The film ends with a clip from an alien talk show reminiscent of Jerry Springer (and subtitled in English), on which Gavin's female alien is trying to explain how her entire crew was killed by humans and she herself carries the love child of one of those humans. The audience roars with laughter, and the host cuts her mike.

==Cast==
The film features an ensemble cast including TV presenter Emily Booth, Jamie Honeybourne, Christopher Adamson, Norman Lovett, Scott Joseph, model Jodie Shaw, and Jennifer Evans.

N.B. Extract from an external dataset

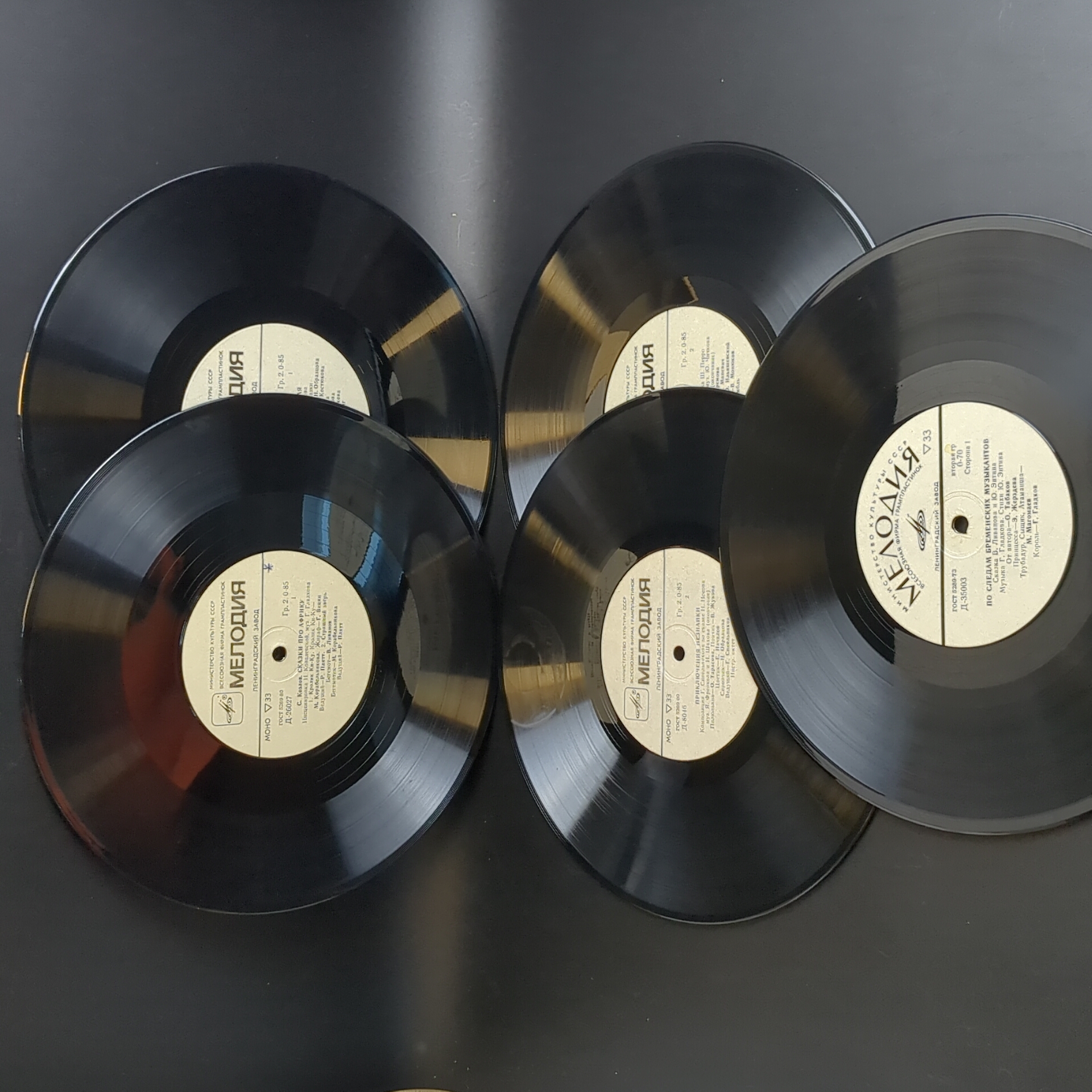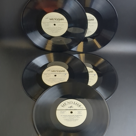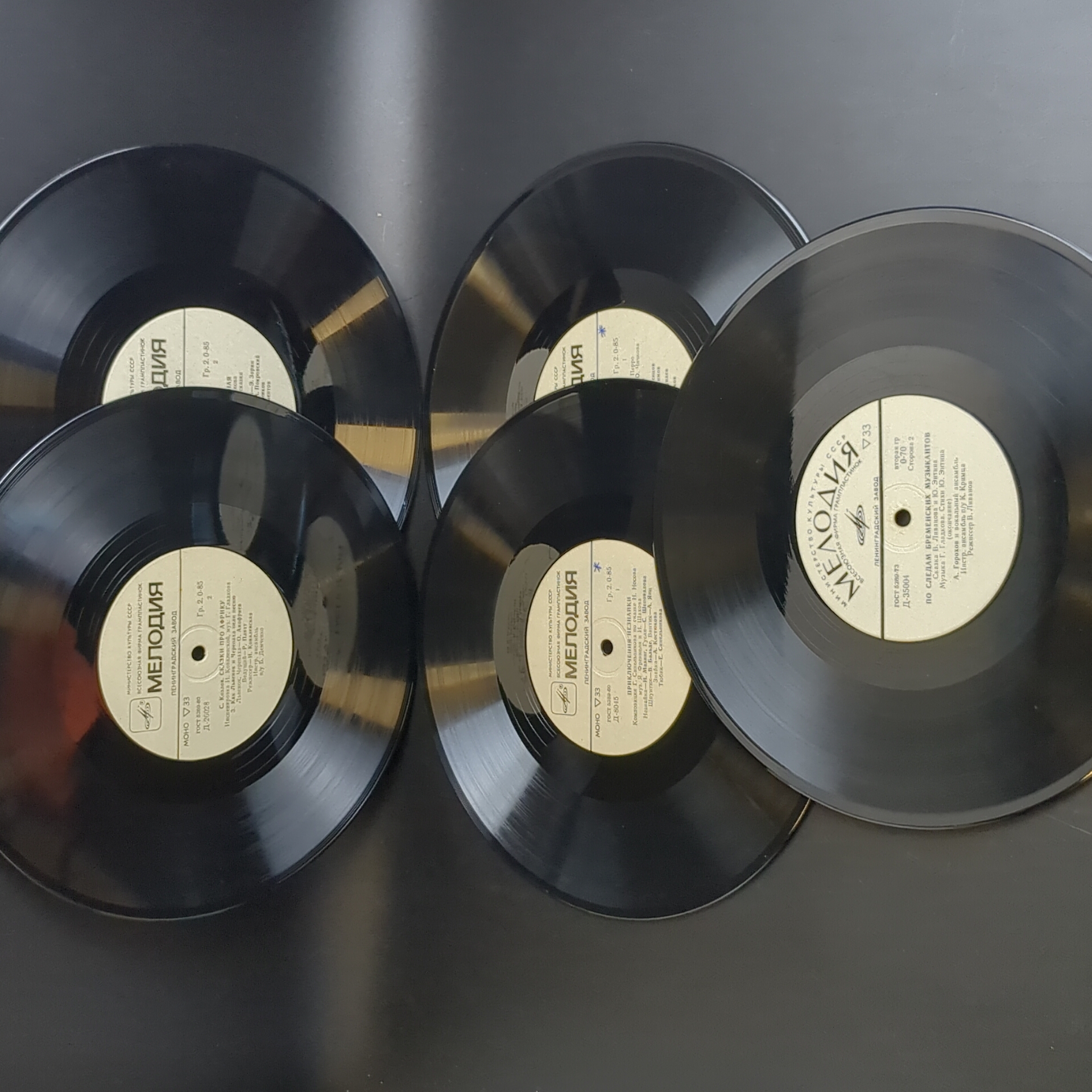 Набор из 5 виниловых пластинок 10 дюймов детские сказки и песни : Приключения Незнайки / Кот в сапогах и др. 5 Виниловых пластинок 12 дюймов. Мелодия СССР.

- Emily Booth - Michelle Fox
- Jamie Honeybourne - Gavin Gorman
- Sam Butler - Ricky Anderson
- Jodie Shaw - Candy Vixen
- Peter McNeil O'Connor - Jack Campbell
- Nick Smithers - Bruce Barton
- Norman Lovett - Howard Marsden
- Christopher Adamson - Llyr Williams/Surgeon Alien
- Jennifer Evans - Cat Williams
- Mark Richard Hayes - Dai Williams
- Chris Thomas - Thomas Williams
- Scott Joseph - Lead Alien
- Mildred von Heildegard - Female Alien
- Tim Clark, Mark Holloway, Glenn Collier - Aliens
- Tree Carr - Dream Alien
- Dan Palmer - Onkey (UFO Witness 1)
- James Heathcote - Merv (UFO Witness 2)

==Production==
Evil Aliens is the second film from director Jake West (Razor Blade Smile). The film was produced by Tim Dennison (Lighthouse,
Revenge of Billy the Kid, Silent Cry); the executive producer was Quentin Reynolds.

==Filming==
Although the film is set in Wales, most of it was actually filmed on a farm in Cambridgeshire, including the combine harvester sequence and the UFO crash. The harvester was provided by a local agricultural contracting firm, and driven by one of their staff (whose hand is visible controlling the harvester during much of the sequence).

==Soundtrack==
- "Combine Harvester (Brand New Key)" by The Wurzels

==Release==
After showings at various film festivals in 2005, Evil Aliens was released in the UK on March 10, 2006, by ContentFilm International, who also act as international sales agents. Image Entertainment released the film in U.S. cinemas on September 6, 2006. It was released on DVD (with extras) in the UK on 26 September 2006. American DVD release was scheduled for October 2007.